Em grande parte do tempo no laboratório, diz Dunbar, os cientistas obtêm resultados que não esperavam. Pelo menos 50% dos dados são inconsistentes com sua teoria. Eles encontram uma proteína que “não deveria” estar lá, por exemplo. Sua reação inicial é culpar o método: acham que o dado está errado e que vai desaparecer se mudarem algum detalhe do experimento, como a temperatura. Se o resultado se repete várias vezes, começam a pensar que algo interessante está ocorrendo. No entanto, só uma minoria segue resultados inesperados – que podem levar a uma descoberta.

Essa decisão depende do grau de comprometimento com a teoria. Cientistas altamente comprometidos tendem a ignorar mais dados inconsistentes com ela. Pode ser que nem vejam uma informação que não esperam, o que é um desastre para a ciência. De acordo com Dunbar, a explicação está no cérebro. Há informações demais à nossa volta, e o cérebro precisa filtrá-las. Nesse processo, dados “estranhos” nem serão memorizados. Essa é uma das funções de uma região cerebral chamada córtex pré-frontal dorsolateral: suprimir representações indesejadas.

Para evitar que esses lapsos aconteçam, Dunbar diz que o caminho é tentar mudar as nossas representações. Pensar no problema de outro modo. Veja o caso do Viagra: ele foi inicialmente desenvolvido para problemas do coração.

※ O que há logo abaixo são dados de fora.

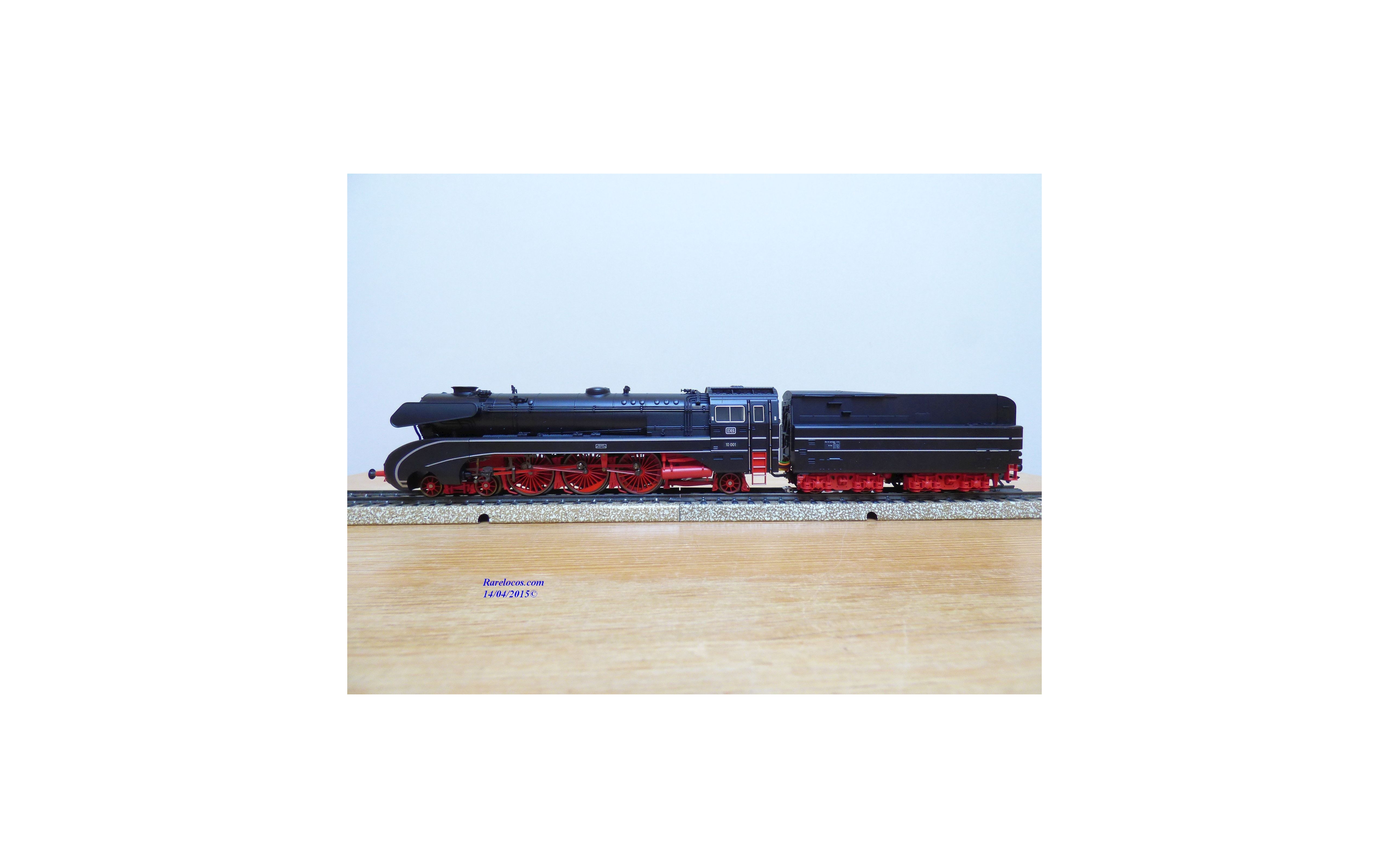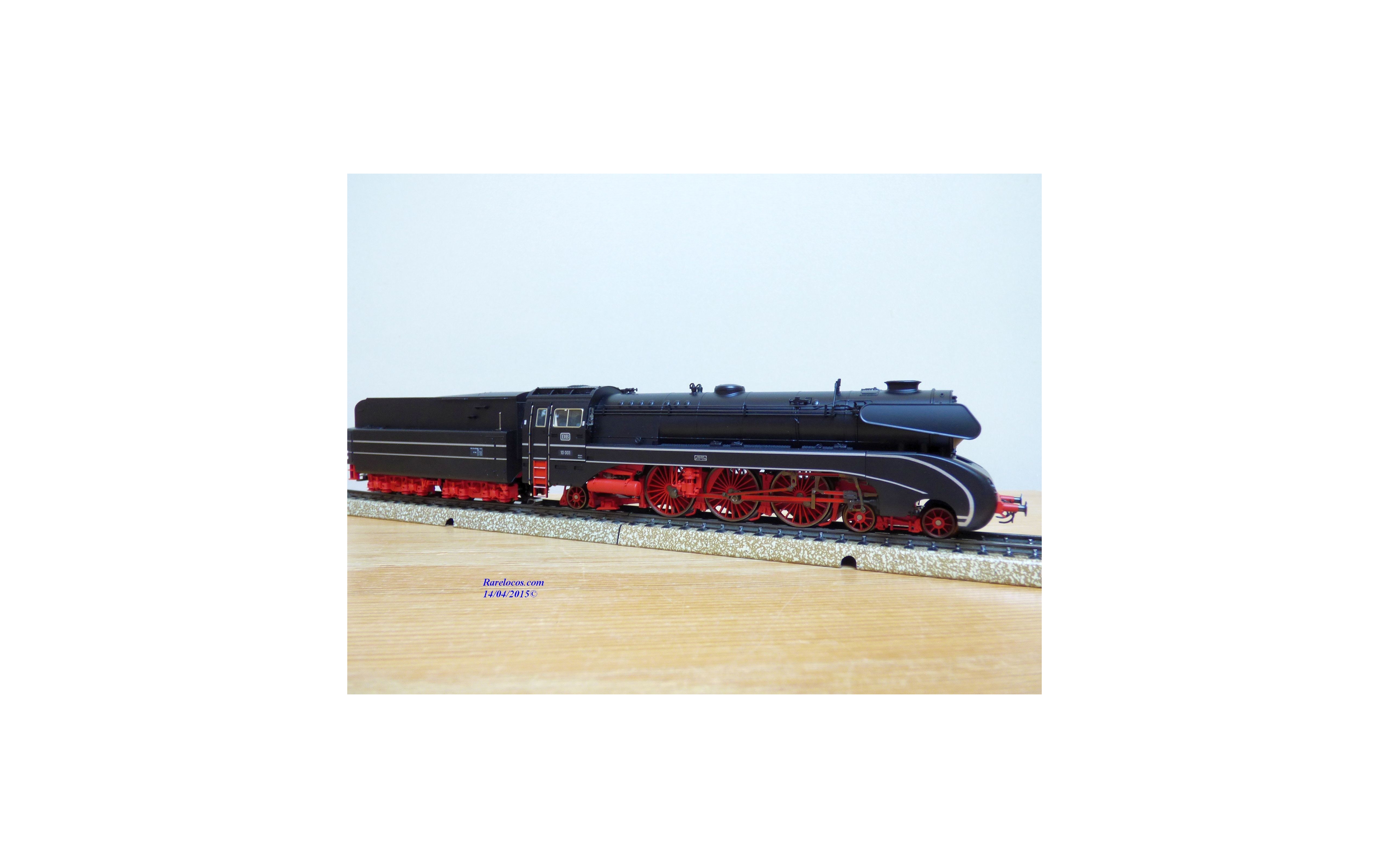 Rare locomotive carénée Pacific 231 série Br 10 des chemins de fer allemands ( DB ) , en métal, livrée noire , digitale, roues brunies, sonorisation, éclairage du chassis, jupes avant complémentaires pour exposition encore scellées, notice présente, emballage d'origine en excellent état .

No final dos testes, a droga não melhorou a condição cardíaca dos voluntários, mas eles não quiseram devolvê-la. Por que gostaram tanto? Esse foi um caso de descoberta acidental: os cientistas primeiro acharam que o experimento tinha falhado. Daí prestaram atenção no resultado inesperado – e hoje o Viagra é usado para combater a impotência sexual.

Ok, optar por seguir um dado inconsistente é fácil. Mas o que fazer quando aparecem 50 na frente do cientista?

“Luis Pasteur dizia que a sorte favorece a mente bem preparada”, diz Dunbar. Ou seja: o bom cientista sabe que tipo de dados seguir. Ele dirá: “Hum, isso é interessante, vamos por aqui”. Outros cientistas não mudarão de rumo. Experimentos custam tempo e dinheiro, e eles não vão se arriscar em nome de algo que não conhecem. “Em geral, cientistas precisam decidir entre fazer os experimentos de baixo risco, que garantem emprego e publicações, e os de alto risco, que provavelmente não vão funcionar mas que podem render descobertas”, afirma.

Portanto, segundo Dunbar o sistema científico é parte do problema, pois faz com que os cientistas só se preocupem em publicar. O que importa é o número de publicações. Assim, o que 90% dos cientistas fazem é apenas mudar uma variável de um velho experimento e publicá-lo de novo. Vão mudando detalhes, sem fazer descobertas que realmente contribuam para o conhecimento.

Isaac Newton

Pensamos que o trabalho do cientista é solitário e que a descoberta vem de repente – tal como Isaac Newton descobrindo a gravidade ao ver a maçã cair da árvore. Mas na ciência o raciocínio é feito em conjunto, e a diversidade do grupo é crucial para lidar com dados inesperados. Por isso, Dunbar diz que os encontros informais entre cientistas são fundamentais. É nessas horas que a interação e o raciocínio espontâneo ocorrem livremente. E podem ajudar a pessoa a mudar de ideia sobre um resultado.

"Se o grupo é homogêneo, ter 10 pessoas não é melhor que ter uma, porque todas elas têm a mesma ideia. Não adianta elas terem lido os mesmos livros ou estudado na mesma faculdade. Além disso, é bom ter homens e mulheres na equipe, já que eles não costumam seguir dados inesperados tanto quanto elas", afirma.

Para quem quiser ler os trabalhos do Dunbar, vale uma visita ao laboratório dele. Minha sugestão é o estudo "Do Naïve Theories Ever Go Away?".